Примерно в 16:00 разведка донесла ему, что немцы их преследуют. Минут через двадцать они уже были полностью окружены. Михин приказал окопаться и держать оборону. Подсчитали потери: одного взяли в плен, двое погибли, восемь человек были ранены.
Немцы в лес не пошли, они, видимо, боялись. Но лес ужасно простреливался из минометов и автоматов, изредка (немцы) бросали гранаты. Михина называли по фамилии, предлагали сдаться, сложить оружие. Обещали спасти жизнь и создать хорошие условия. Он на это отвечал выстрелами. Картина была непривлекательная. К вечеру, то есть до часов 17—18, он решил прорываться из этого окружения, потому что другого выхода не было. Они с боем бросились из леса в кукурузу. Здесь они почти были пойманы.
Михин приказал спасаться, кто как может. Сбор с северной стороны опушки, от них в шести-семи километрах. Таким образом, они разошлись на мелкие группы. Немцы стали прочесывать кукурузу, пшеницу и копны, поэтому они уже прекратили сопротивление. И вот ужасный случай. Михина, наверное, заметили, что он мелькнул в стоге. Кто-то проколол штыком через копну. Ему немного задело голову. Он не успел опомниться, как около стога остановился мотоцикл, видимо, у него что-то сломалось, и он слышал, как гремят ключами. Копался он (немец) минут 10—15, потом подошел к нему и сел как раз на его ногу.

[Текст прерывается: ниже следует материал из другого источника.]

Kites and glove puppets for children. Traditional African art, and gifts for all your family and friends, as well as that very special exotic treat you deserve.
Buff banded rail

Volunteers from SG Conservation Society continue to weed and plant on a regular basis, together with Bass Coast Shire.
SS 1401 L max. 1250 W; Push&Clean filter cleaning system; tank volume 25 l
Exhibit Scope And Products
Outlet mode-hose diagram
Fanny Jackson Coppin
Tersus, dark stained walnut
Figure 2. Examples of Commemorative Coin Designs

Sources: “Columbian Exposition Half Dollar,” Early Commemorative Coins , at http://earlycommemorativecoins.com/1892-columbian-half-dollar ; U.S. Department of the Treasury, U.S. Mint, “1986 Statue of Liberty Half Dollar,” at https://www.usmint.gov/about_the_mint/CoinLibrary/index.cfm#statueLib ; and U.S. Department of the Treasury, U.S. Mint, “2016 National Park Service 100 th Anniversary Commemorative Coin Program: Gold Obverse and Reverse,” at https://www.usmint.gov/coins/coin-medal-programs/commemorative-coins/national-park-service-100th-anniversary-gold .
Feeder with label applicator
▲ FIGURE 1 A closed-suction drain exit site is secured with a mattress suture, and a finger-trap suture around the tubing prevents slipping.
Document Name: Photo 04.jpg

Слышит: закурил. Затем встал и начал кричать «Ком-мир». Михин сразу понял, что эта сволочь почувствовала его ногу и зовет помощь, чтобы его забрать. Михин приготовил пистолет и решил последнюю пулю оставить для себя, но в руки этим заклятым врагам не даться. Прокопал дверцы, наблюдает, едет автомашина с группой автоматчиков. Подъехали, он (немец) в чем-то нашел общий язык с ними, погрузили мотоцикл и поехали. Вот уж тут Михин вздохнул. Мгновенно мелькнула мысль: значит, он будет жить, а жить так хочется.
Наступила темнота. Михин вылез из копны, пошел к опушке, куда приказывал всем собраться. Когда он пришел и увидел большинство своих людей, то невольно заплакал. Друзья его также плакали и вместе с тем радовались, что они снова вместе. В этот день у них убили еще два человека и шесть человек ранили. Ночью он сделал сбор и пришел к выводу, что днем им дальше идти невозможно. Надо пробиваться только ночью, а днем на рассвете останавливаться в удобных местах, прятаться до следующей ночи. Роты он ликвидировал, потому что людей значительно стало меньше.

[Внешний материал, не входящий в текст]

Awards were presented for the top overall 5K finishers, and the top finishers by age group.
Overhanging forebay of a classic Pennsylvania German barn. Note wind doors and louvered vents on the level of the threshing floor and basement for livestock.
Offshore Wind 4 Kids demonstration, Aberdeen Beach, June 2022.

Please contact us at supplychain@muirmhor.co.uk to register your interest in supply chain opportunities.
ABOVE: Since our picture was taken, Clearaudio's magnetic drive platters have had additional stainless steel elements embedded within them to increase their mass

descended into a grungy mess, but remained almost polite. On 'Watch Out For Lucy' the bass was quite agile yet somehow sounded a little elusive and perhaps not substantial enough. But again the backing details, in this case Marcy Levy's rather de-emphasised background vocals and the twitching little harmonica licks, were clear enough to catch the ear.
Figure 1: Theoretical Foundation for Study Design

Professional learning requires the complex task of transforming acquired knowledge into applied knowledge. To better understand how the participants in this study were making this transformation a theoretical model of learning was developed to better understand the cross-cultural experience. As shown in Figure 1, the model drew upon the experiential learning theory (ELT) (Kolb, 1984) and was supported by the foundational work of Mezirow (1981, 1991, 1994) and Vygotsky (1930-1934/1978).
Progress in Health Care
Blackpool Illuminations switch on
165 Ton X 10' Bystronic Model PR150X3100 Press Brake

25.9.41. Ночью форсировали реку. Хорошо ели. Спокойно. День отдыхали. Настроение у людей поднялся. Днем прятались в лесу, недалеко от села, на глазах у немцев. Ужасная картина: очень много наших пленных. Немцы целыми колоннами, людей по сто – сто пятьдесят гнали их неизвестно куда.
26.9.41. Форсировали реку. Недалеко от села был птицеводческий совхоз. По словам председателя, там было до четырех тысяч кур и, якобы, они еще цели. Их охраняли и кормили три – четыре бабушки и один дед.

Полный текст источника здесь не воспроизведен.